Items listed in a dataset

'''

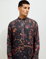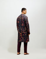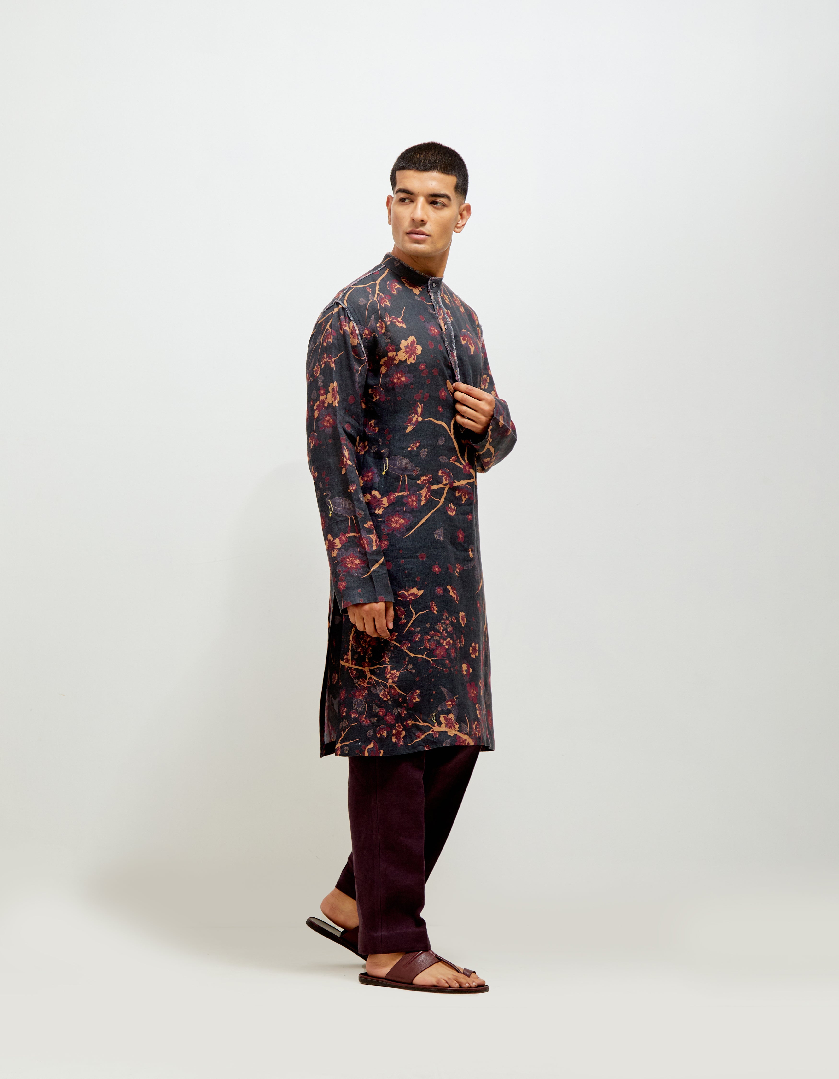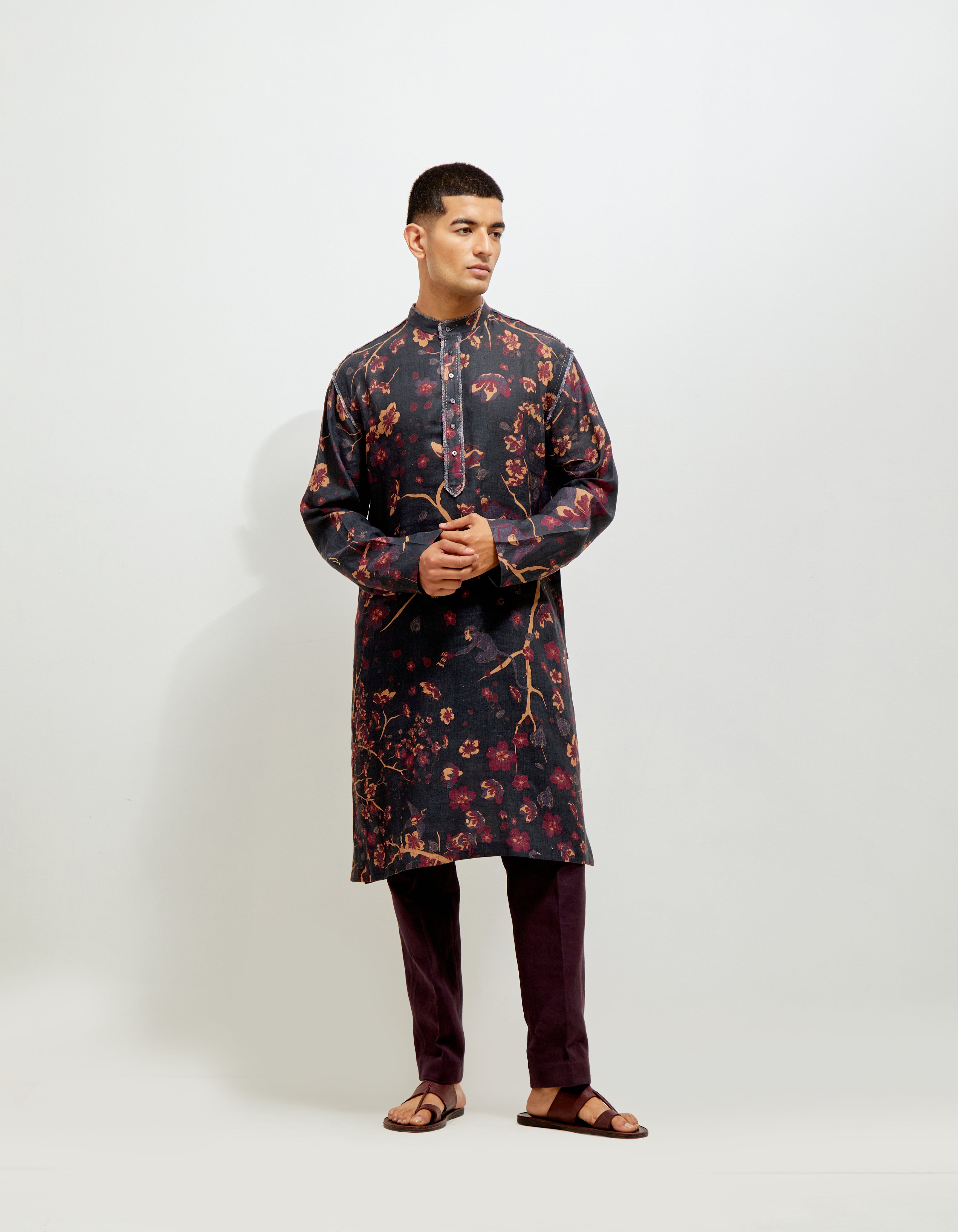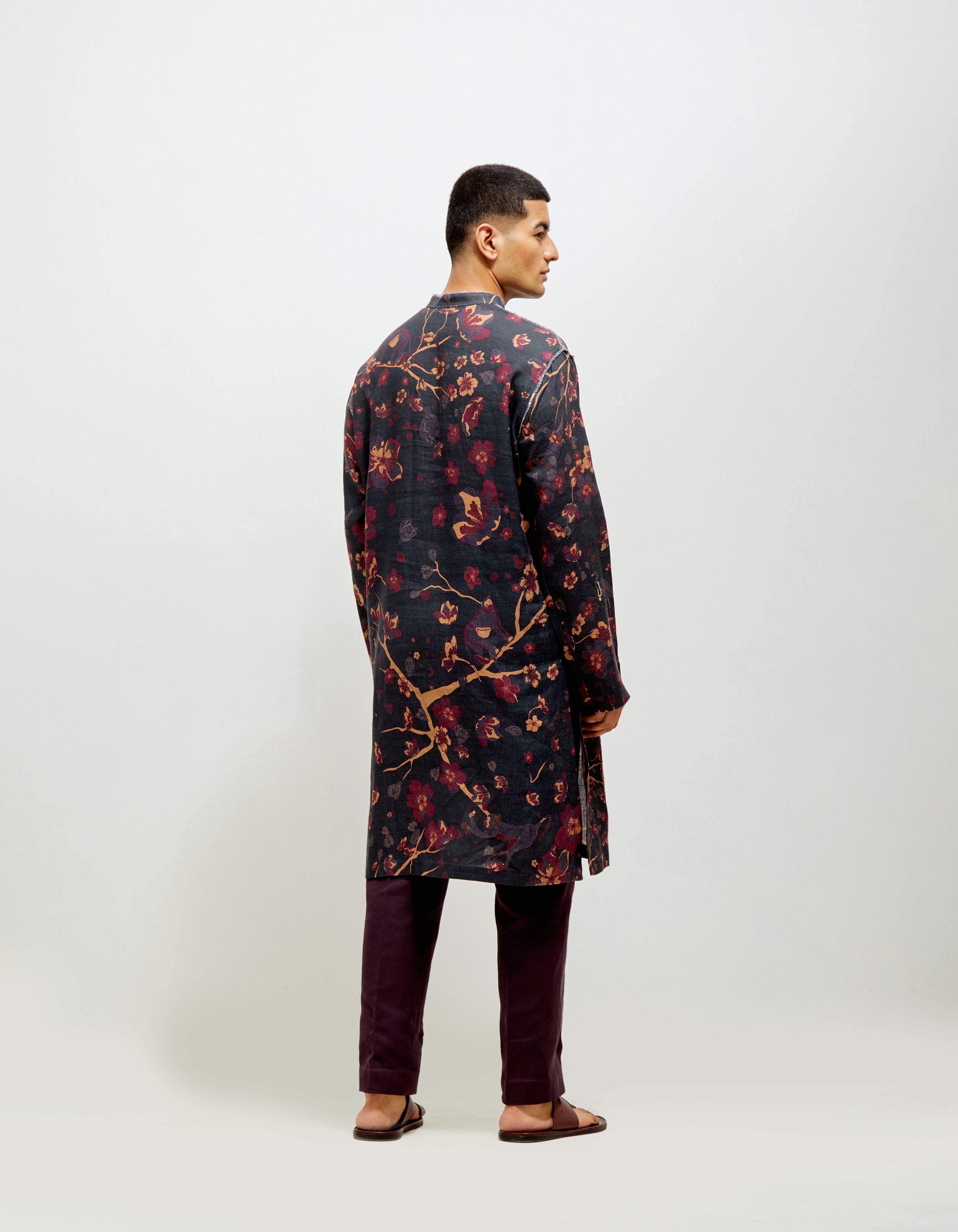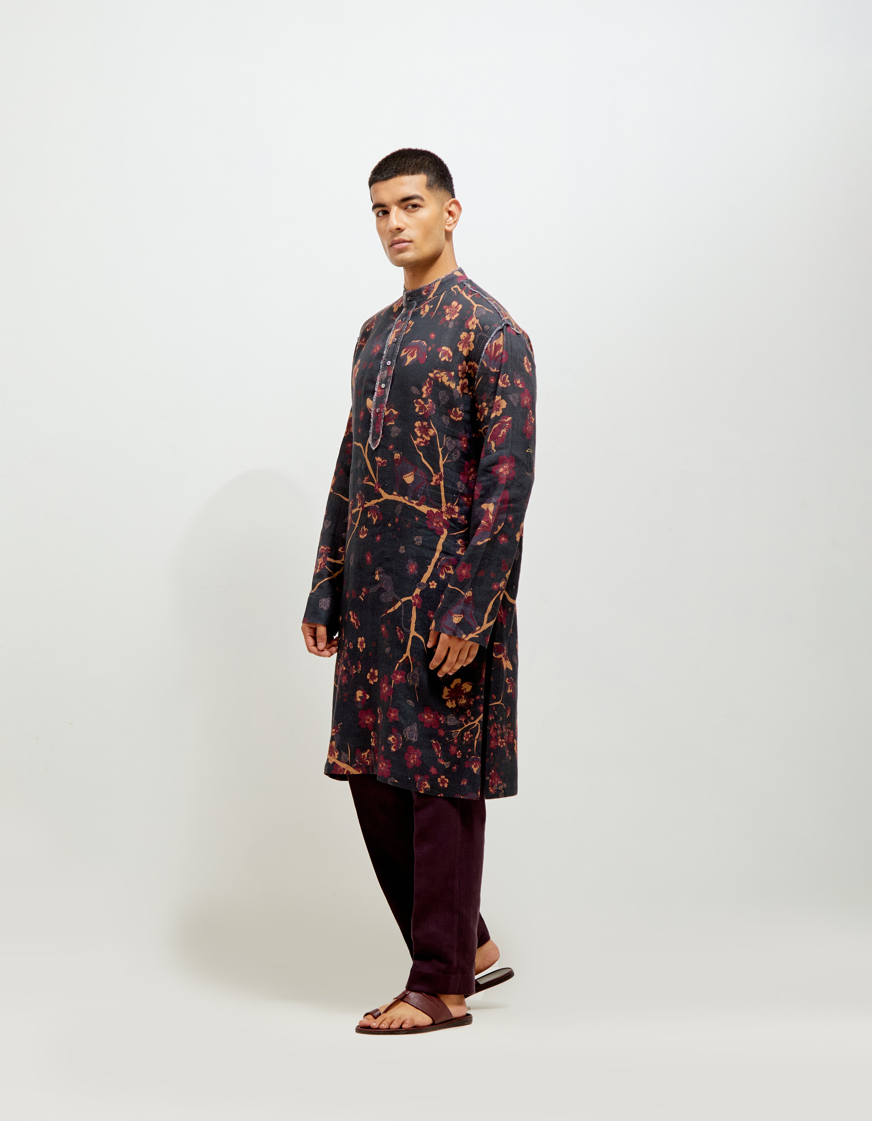 • SD Forest Blossom Raw Edge Bade Miyan Kurta D-Green Linen
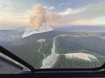 ▲ 这是7月17日在加拿大不列颠哥伦比亚省东北部地区拍摄的野火情况(航拍照片)。
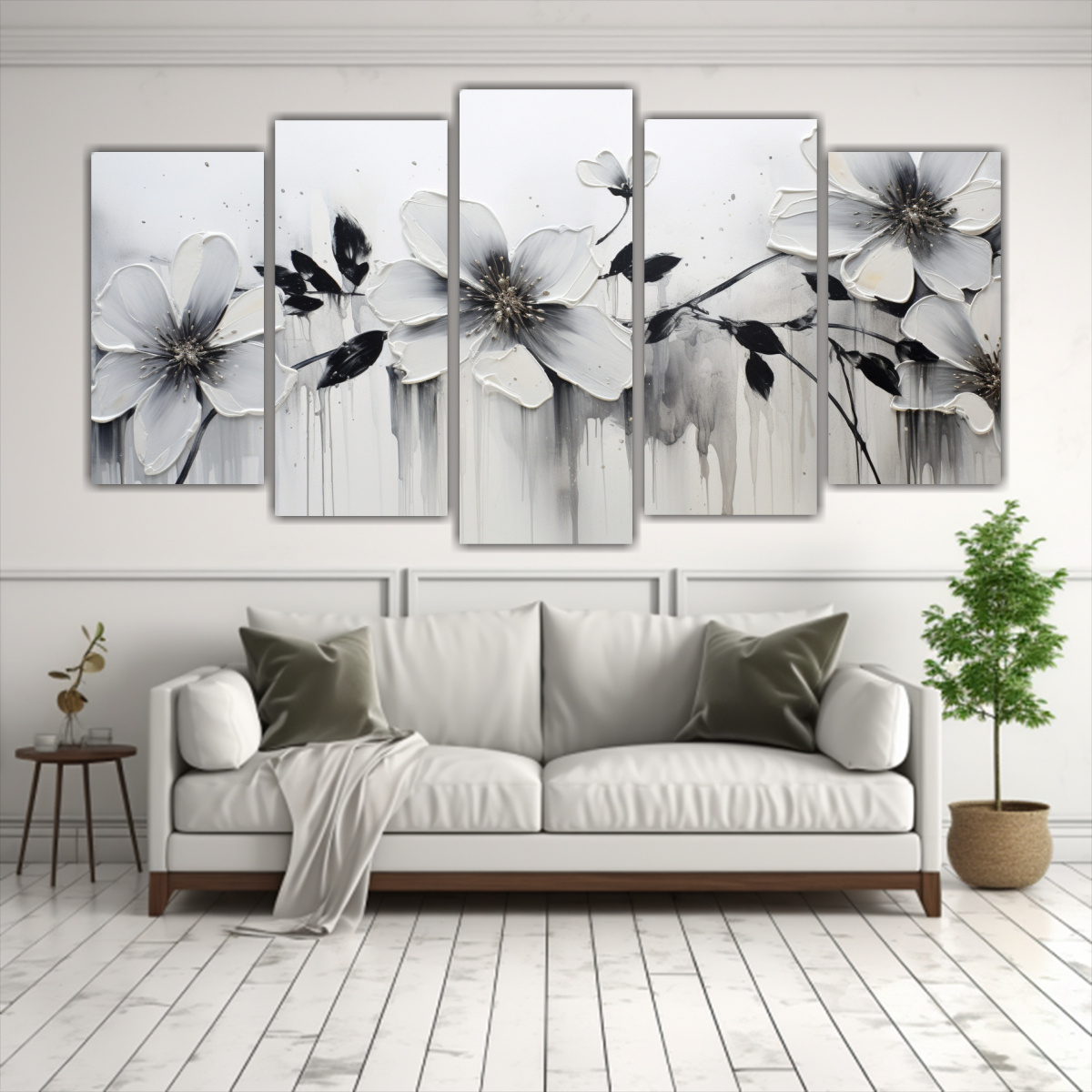 Este cuadro de cinco lienzos abstractos en colores beige, azul marino grisaceo, gris y plateado es ideal para decorar salas de estar modernas o dormitorios minimalistas Puedes colocarlo sobre un sofá en tonos neutros para que sea el punto focal de la habitación También puedes combinarlo con cojines y cortinas en tonos grises y plateados para crear una armonía visual ¡Agrega estilo y elegancia a tus espacios con nuestros cuadros decorativos!
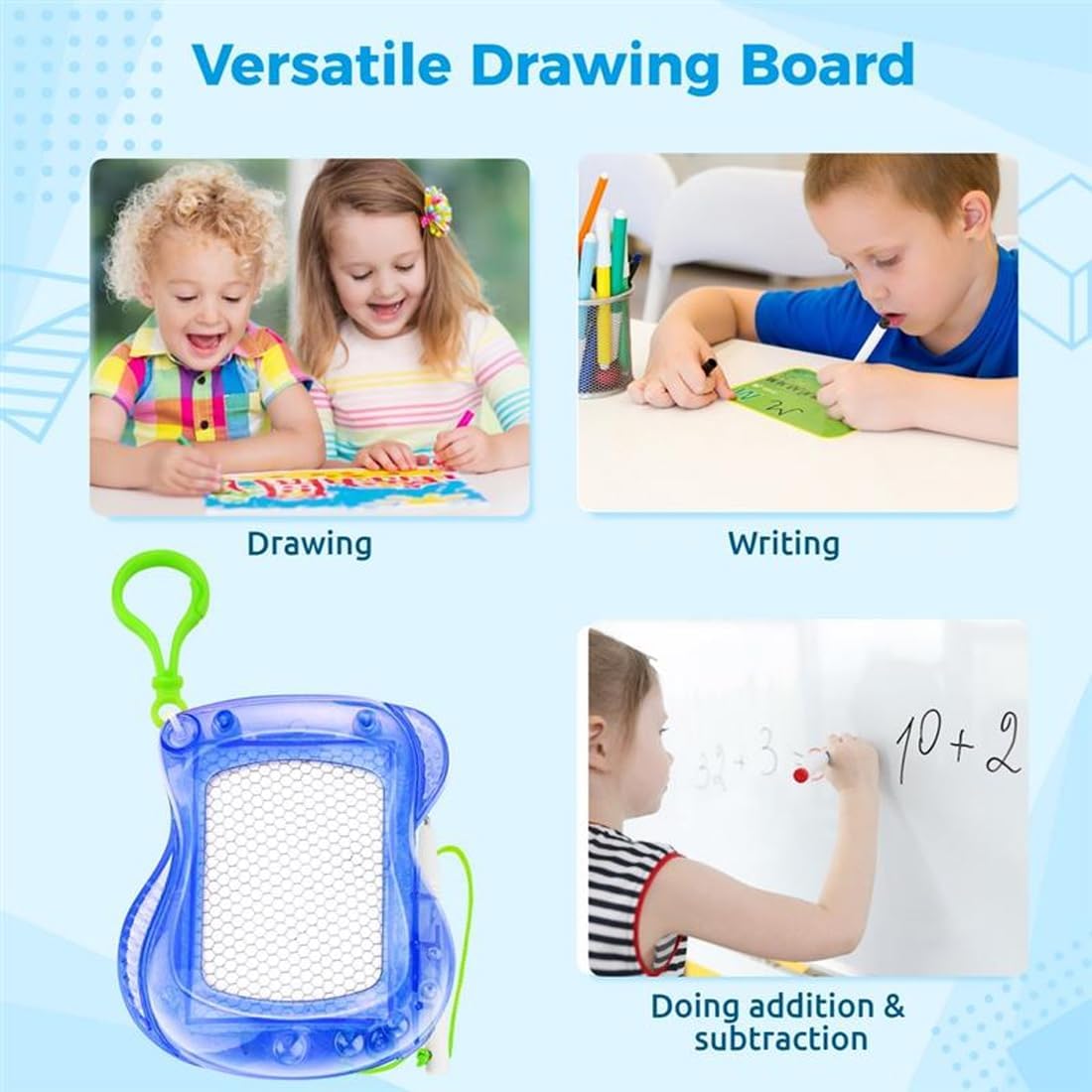 Set creativo per disegnare: Questo set di 12 mini lavagnette magnetiche è perfetto per bambine e bambini dai 3 anni in su. Ogni lavagnetta è confezionata singolarmente e può essere utilizzata come portachiavi per zaini o mazzi di chiavi. Ideale per stimolare la creatività e l'immaginazione, offrendo ore di divertimento sia a casa che in viaggio Portachiavi pratici: Le mini lavagnette magnetiche sono leggere, compatte e perfette per l'uso in movimento. I bambini possono creare disegni infiniti senza sprecare carta. Basta passare per cancellare e iniziare un nuovo disegno. Ideale per intrattenere durante viaggi in auto o attese, adatto a bambine e bambini dai 3 anni Stimola creatività e apprendimento: Queste mini lavagnette incoraggiano l'immaginazione e supportano lo sviluppo della motricità fine. I bambini possono imparare giocando e dare vita alle loro idee. Ogni lavagnetta misura 8,5 cm x 10 cm ed è confezionata singolarmente, rendendola un giocattolo educativo ideale per attività creative Perfetto per regali e feste: Le mini lavagnette magnetiche sono un'ottima scelta per regali di compleanno, sacchetti sorpresa, regali di festa o sorprese natalizie. I genitori apprezzeranno l'alternativa pratica ai dolci, mentre i bambini adoreranno esprimere la loro creatività. Un regalo perfetto per ogni occasione Materiali di alta qualità: Le nostre mini lavagnette magnetiche sono robuste, durevoli e progettate appositamente per le mani dei bambini. Offrono un modo sicuro e divertente per stimolare l'immaginazione. Ideali come regali per feste di compleanno o per riempire una pignatta, regalando un sorriso a ogni bambino
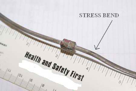 UNBALANCED WIRE - If the core of the wire withdraws a bit after it is cut, it indicates the strands were not balanced when the wire was made. In use it tends to put more load on the core, lowering the breaking strength. It also makes it difficult to assemble the terminal.
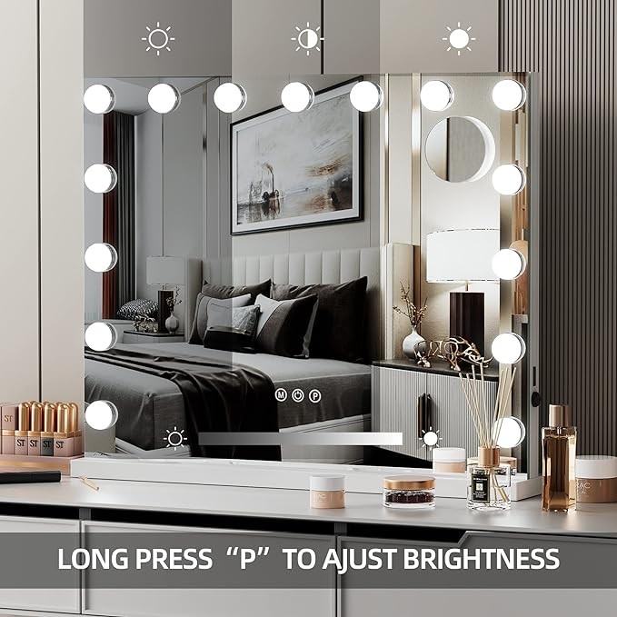 • ??Smart vanity mirror with Touch Sensors✨✨: Simply touch turn on/off sensor to light up make up mirror, and change the 3 color modes( warm/natural/cool) by touch “M” sensor, Dimmable brightness from 10-100% by touch “P” accordance with you need while applying makeup. Also the smart makeup mirror with Intelligent light memory function, it will keep the state of your last use
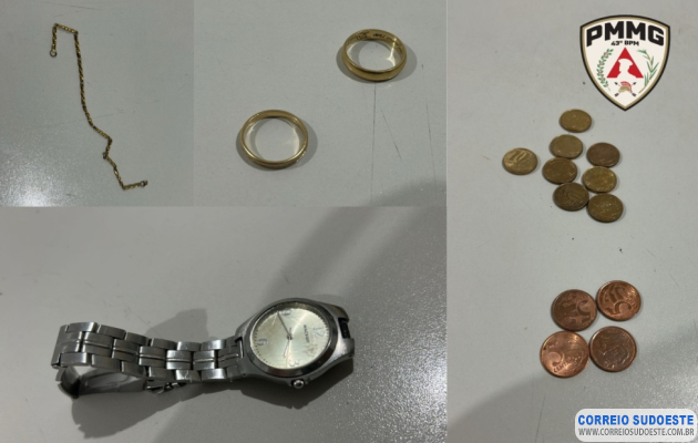 O homem, de 39 anos, foi identificado e, durante busca pessoal, foram encontrados em sua posse uma pulseira de ouro, duas alianças de ouro, um relógio e a quantia de R$ 1,00 em moedas. O local foi isolado e a perícia técnica acionada para os trabalhos de praxe.
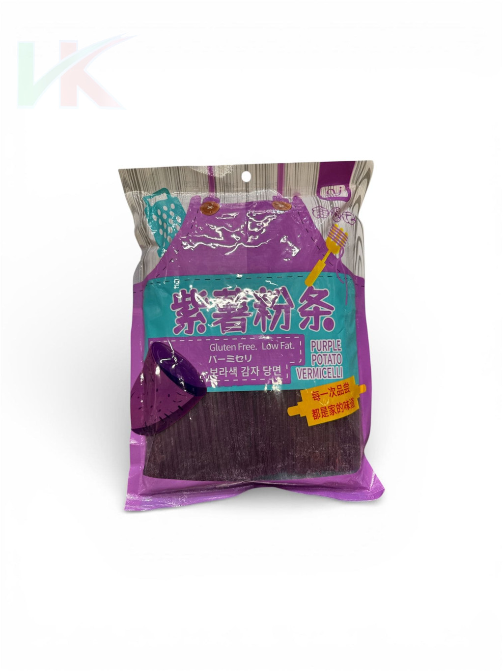 A vékony lila édesburgonyából készült üvegtészta kiváló minőségű édesburgonya-keményítő felhasználásával készül, amely különleges színt és jellegzetes textúrát ad a tésztának. A gondosan feldolgozott alapanyag biztosítja, hogy a tészta főzés után áttetszővé váljon, miközben megőrzi rugalmasságát és enyhén rágós állagát. A vékony szálak egyenletesen puhulnak meg, így a tészta nem esik szét, és nem tapad össze könnyen.
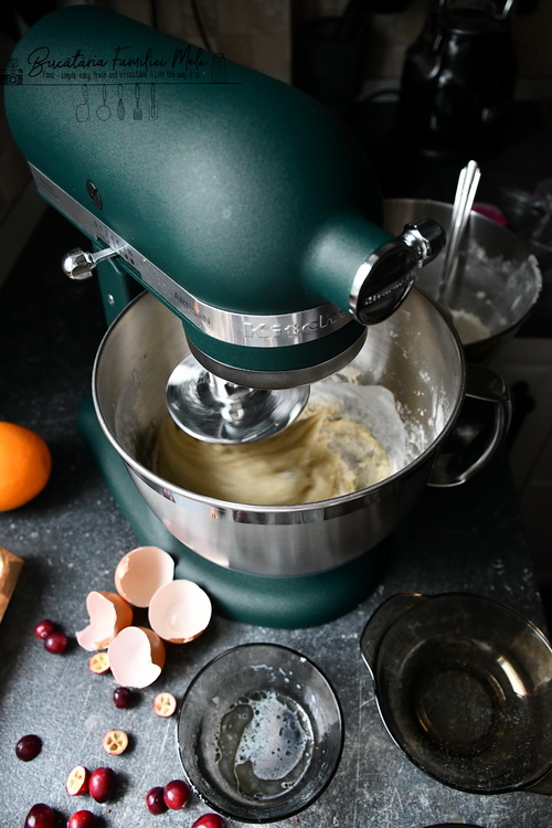 Între timp ungi cu unt și tapetezi cu făină o tavă dreptunghiulara 35 X 25 sau folosești hârtie de copt.
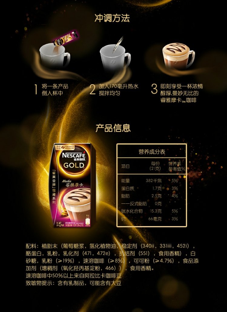 商品名称:雀巢 办公室咖啡金牌馆藏系列速溶咖啡摩卡咖啡5条装含可可粉

'''

- TASK PROMPT: Your task is to reproduce every record exactly while omitting the pictures.

- SOLUTION BELOW:
 • SD Forest Blossom Raw Edge Bade Miyan Kurta D-Green Linen
 ▲ 这是7月17日在加拿大不列颠哥伦比亚省东北部地区拍摄的野火情况(航拍照片)。
 Este cuadro de cinco lienzos abstractos en colores beige, azul marino grisaceo, gris y plateado es ideal para decorar salas de estar modernas o dormitorios minimalistas Puedes colocarlo sobre un sofá en tonos neutros para que sea el punto focal de la habitación También puedes combinarlo con cojines y cortinas en tonos grises y plateados para crear una armonía visual ¡Agrega estilo y elegancia a tus espacios con nuestros cuadros decorativos!
 Set creativo per disegnare: Questo set di 12 mini lavagnette magnetiche è perfetto per bambine e bambini dai 3 anni in su. Ogni lavagnetta è confezionata singolarmente e può essere utilizzata come portachiavi per zaini o mazzi di chiavi. Ideale per stimolare la creatività e l'immaginazione, offrendo ore di divertimento sia a casa che in viaggio Portachiavi pratici: Le mini lavagnette magnetiche sono leggere, compatte e perfette per l'uso in movimento. I bambini possono creare disegni infiniti senza sprecare carta. Basta passare per cancellare e iniziare un nuovo disegno. Ideale per intrattenere durante viaggi in auto o attese, adatto a bambine e bambini dai 3 anni Stimola creatività e apprendimento: Queste mini lavagnette incoraggiano l'immaginazione e supportano lo sviluppo della motricità fine. I bambini possono imparare giocando e dare vita alle loro idee. Ogni lavagnetta misura 8,5 cm x 10 cm ed è confezionata singolarmente, rendendola un giocattolo educativo ideale per attività creative Perfetto per regali e feste: Le mini lavagnette magnetiche sono un'ottima scelta per regali di compleanno, sacchetti sorpresa, regali di festa o sorprese natalizie. I genitori apprezzeranno l'alternativa pratica ai dolci, mentre i bambini adoreranno esprimere la loro creatività. Un regalo perfetto per ogni occasione Materiali di alta qualità: Le nostre mini lavagnette magnetiche sono robuste, durevoli e progettate appositamente per le mani dei bambini. Offrono un modo sicuro e divertente per stimolare l'immaginazione. Ideali come regali per feste di compleanno o per riempire una pignatta, regalando un sorriso a ogni bambino
 UNBALANCED WIRE - If the core of the wire withdraws a bit after it is cut, it indicates the strands were not balanced when the wire was made. In use it tends to put more load on the core, lowering the breaking strength. It also makes it difficult to assemble the terminal.
 • ??Smart vanity mirror with Touch Sensors✨✨: Simply touch turn on/off sensor to light up make up mirror, and change the 3 color modes( warm/natural/cool) by touch “M” sensor, Dimmable brightness from 10-100% by touch “P” accordance with you need while applying makeup. Also the smart makeup mirror with Intelligent light memory function, it will keep the state of your last use
 O homem, de 39 anos, foi identificado e, durante busca pessoal, foram encontrados em sua posse uma pulseira de ouro, duas alianças de ouro, um relógio e a quantia de R$ 1,00 em moedas. O local foi isolado e a perícia técnica acionada para os trabalhos de praxe.
 A vékony lila édesburgonyából készült üvegtészta kiváló minőségű édesburgonya-keményítő felhasználásával készül, amely különleges színt és jellegzetes textúrát ad a tésztának. A gondosan feldolgozott alapanyag biztosítja, hogy a tészta főzés után áttetszővé váljon, miközben megőrzi rugalmasságát és enyhén rágós állagát. A vékony szálak egyenletesen puhulnak meg, így a tészta nem esik szét, és nem tapad össze könnyen.
 Între timp ungi cu unt și tapetezi cu făină o tavă dreptunghiulara 35 X 25 sau folosești hârtie de copt.
 商品名称:雀巢 办公室咖啡金牌馆藏系列速溶咖啡摩卡咖啡5条装含可可粉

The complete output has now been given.